MIT Sloan Yönetim Okulu’nda doçent ve “İşyerinde Üretken Yapay Zeka” adlı makalenin yazarlarından biri olan Danielle Li, yoğun çalışmayı kısmen onu “akış durumuna” fırlattığı için rahatlatıcı bulduğunu söyledi zihnini dinlendirirken iş performansını sürdürmesine olanak tanır. Li bunun kendi başına “iyi” olmadığını kabul ediyor. “Eğer sürekli çalışma ihtiyacını hissetmeseydim yoğun çalışmanın bu özel yönüne değer vermezdim. Yoğun çalışma nedeniyle kendime ‘Evet, çalışıyorum’ diyebilirim. ‘Bu dünyadaki yerinizi kazanıyorsunuz.’ Ama aslında o kadar da çabalamıyorsun.”

Li, biriktirdiği iki saatin bir buçuk saatini örneğin yürüyüşe çıkmak veya internette gezinmek için kullanabilseydi ve yalnızca geri kalanını kullanabilseydi, yapay zeka araçlarının üç saatlik emeği bir saatlik çalışmaya indirmesini kutlayacağını söyledi. Odaklanmış çalışma için otuz dakika – başka bir deyişle, yoğun çalışmanın otomasyonu, yöneticilerin ve çalışanların, sürekli çalıştığımıza dair karanlık iddiayı bırakmalarına izin verdiyse. “Bu fazladan iki saatin yerini gerçek zihinsel aktivite alamaz” diye ekledi.

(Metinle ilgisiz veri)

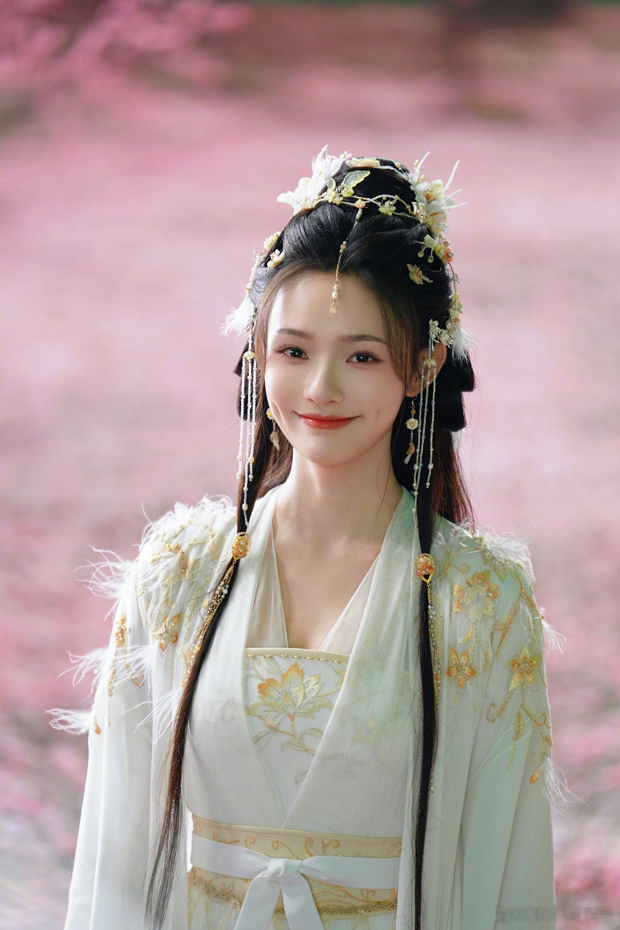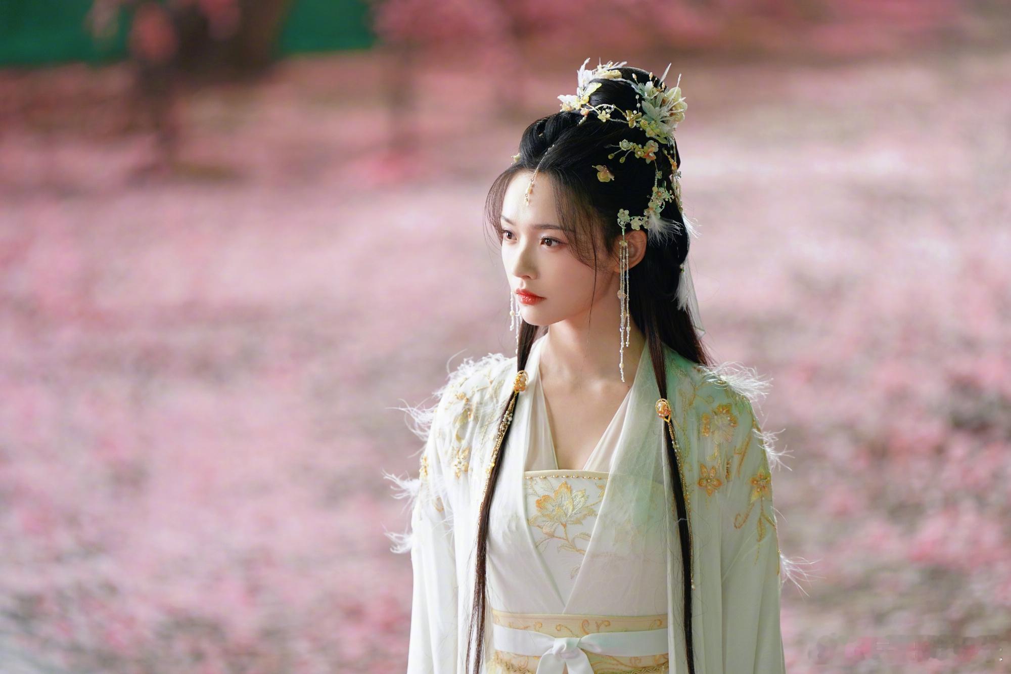 林允 那年杏花微雨 漫天杏花为她作衬,林允《水龙吟》剧照美出新高!绣金白衣襦裙+精巧珠花头饰,流苏随动作轻晃,眉眼含情,宛如从古画走出的花仙,仙侠美学质感绝了~

Ayrıca her gün bir saat daha dünyayı değiştirecek düşünceye gerçekten sahip olup olmadığımı da merak ettim. Havlu katlama dönemim sırasında, yoğun iş temposundan kurtulursam yapacağım muhteşem şeylere dair kesinlikle fanteziler besledim. düşünürdüm, yaratırdım ve yenilik yapardım Güzel bir zihin‘S puan yükseldi. Pratikte, yoğun iş olsun ya da olmasın, ortalama bir iş gününde sadece 0,003 saniyelik odaklanmış düşünceyi yönetebiliyorum. (Sörf yapan köpeklerin makaralarını izleme kapasitem sonsuzdur.)

Günümün geri kalan 57.599,997 uyanık saniyesini bunu yaparak geçirmek istediğimi söylemiyorum. Mayın tarama gemisi-sayı dökümü gibi kıdem tazminatı. Ama öğleden sonra bir saat boyunca, öğle yemeğinde yediğim köfteli marinara sosunu sindirmek için vücudumun tüm kaynakları beyinden mideye yönlendirilmişken? Dışarıda hafif bir yağmur yağarken ve Spotify bana ortam ninnileri sunarken mi? Hiçbir yapay zeka aracı bana bu kadar huzur veremez.